Chronic rhinosinusitis (CRS) is the chronic inﬂammation of the sinus cavities of the upper respiratory tract, which can be caused by a disrupted microbiome. However, the role of the oral microbiome in CRS is not well understood. Polymicrobial and anaerobic infections of CRS frequently increased the diﬃculty of cultured and antibiotic therapy. This study aimed to elucidate the patterns and clinical feasibility of the oral microbiome in CRS diagnosis. Matched saliva and nasal swabs were collected from 18 CRS patients and 37 saliva specimens from normal volunteers were collected for 16S rRNA sequencing. The α-diversity of the saliva displayed no signiﬁcant diﬀerence between control and CRS patients, whereas the β-diversity was signiﬁcantly diﬀerent (p = 0.004). Taxonomic indices demonstrated that Veillonella dispar, Rothia mucilaginosa, and Porphyromonas endodontalis were enriched, while Campylobacter and Cardiobacterium were reduced in the saliva of CRS patients. These microbial markers could signiﬁcantly distinguish CRS patients from control (AUC = 0.939). It is noted that the 16S rRNA results of the nasal swab were consistent with the nasopharynx aerobic culture, and additionally detected multiple pathogens in CRS patients. In summary, these results indicated these oral microbiomes may provide a novel signal for CRS detection and that NGS may be an alternative approach for CRS diagnosis.

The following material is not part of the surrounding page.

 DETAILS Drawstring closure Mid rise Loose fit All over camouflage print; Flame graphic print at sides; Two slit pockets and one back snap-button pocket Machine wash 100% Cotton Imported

Chronic rhinosinusitis (CRS) is a common upper respiratory tract disease, defined as a persistent inflammation of the nasal cavity and sinus mucosa for more than 12 weeks. CRS is frequently caused by viral and bacterial infection, resulting in symptoms of nasal congestion/discharge, facial pain/pressure, and loss of smell. These symptoms not only severely impact the patient’s quality of life and work ability but also cause an enormous economic burden [1,2]. According to whether nasal polyps are present, CRS is further divided into chronic rhinosinusitis with nasal polyposis (CRSwNP) and chronic rhinosinusitis without nasal polyposis (CRSsNP). When the number of polyps is too many or they become too large, they will further block the nasal cavity, preventing normal mucus discharge and worsening the infection. Until now, the therapeutic approach for CRS has been treatment with antibiotics, corticosteroids, saline lavage, and surgery .

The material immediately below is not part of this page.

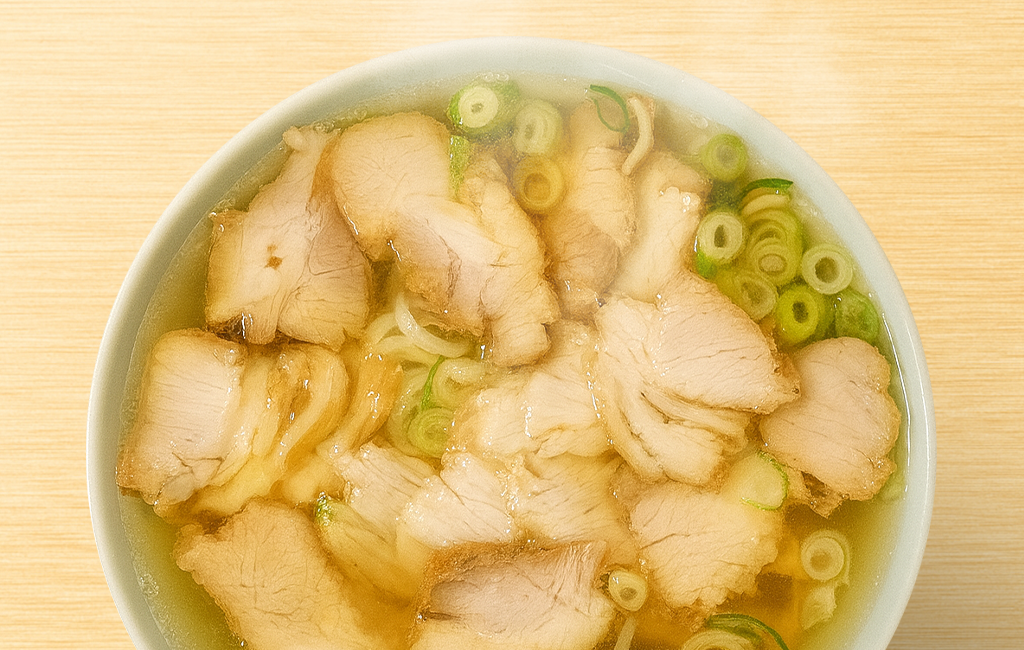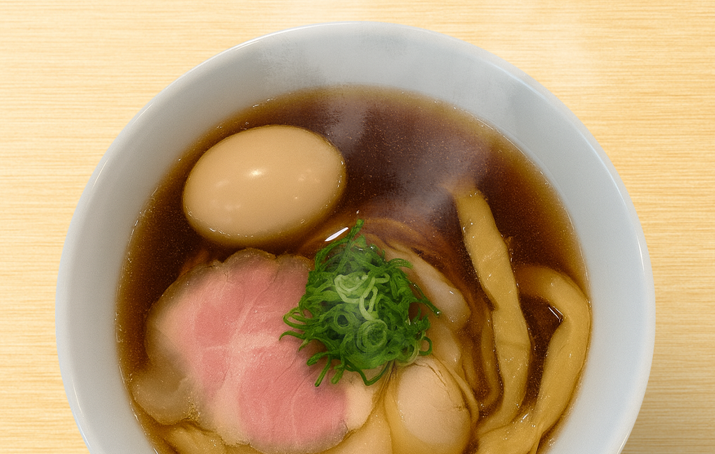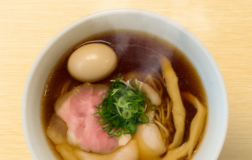 「麺屋 おやゆび」は、落ち着いた雰囲気の中で丁寧に作られたラーメンを味わえる実力派の一軒。看板メニューは「醤油ラーメン」で、丸鶏や煮干しをじっくり煮出したスープはあっさりとしつつも奥深い旨味が感じられ、最後の一滴まで飲み干したくなる仕上がりです。麺は中細ストレートで、しなやかなコシとスープとの相性が抜群。トッピングには豚と鶏の2種類のチャーシューがのり、それぞれの旨味を楽しめるのも魅力です。さらに味玉やメンマなど細部まで丁寧に作られており、全体の完成度を高めています。口コミでは「優しい味わいでホッとする」「素材を活かしたバランスの良いラーメン」と評判。派手さはないものの、通うほどに良さがわかる名店です。

CRS pathogenesis is a complex process of microbial infection and inflammation. Numerous studies have investigated the microbiome in the sinuses of normal subjects and CRS patients [4,5]. However, few studies have reported the patterns and clinical relevance of oral microbiomes in CRS patients. The oral cavity and neighboring nasal cavity are ideal habitats for microbiomes due to the stable oral temperature, pH, and nutrient transportation from saliva [6,7]. It is noted that the oral microbiome is the second most complex microbial system behind the gut microbiota. Approximately 700 species have been reported in the oral cavity; half of them are cultivated and named . The oral cavity is also an important entrance for both the upper and lower respiratory tracts. Oral pathogens have been reported to impact systemic health through the bloodstream, swallowing, or other avenues and are involved in systemic diseases, especially for periodontal disease in cardiovascular disease, diabetes, and Alzheimer’s disease [9,10,11].

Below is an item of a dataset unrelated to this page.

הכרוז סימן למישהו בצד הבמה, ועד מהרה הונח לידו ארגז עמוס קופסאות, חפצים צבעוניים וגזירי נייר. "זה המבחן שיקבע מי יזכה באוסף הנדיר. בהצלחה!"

The clinical characteristics of CRS are a polymicrobial infection and an increased proportion of anaerobes. The polymicrobial infection increases the difficulty of antibiotic therapy, and most of the anaerobic species are uncultivated . Therefore, use of the culture-independent molecular approach has been growing in the past few years with pyrosequencing, quantitative polymerase chain reaction (qPCR), and next-generation sequencing (NGS). However, few studies have assessed different sites of the microbiome in the same CRS patients, especially within the oral microbiome in CRS. Furthermore, conflicting results exist between culture-dependent and culture-independent approaches.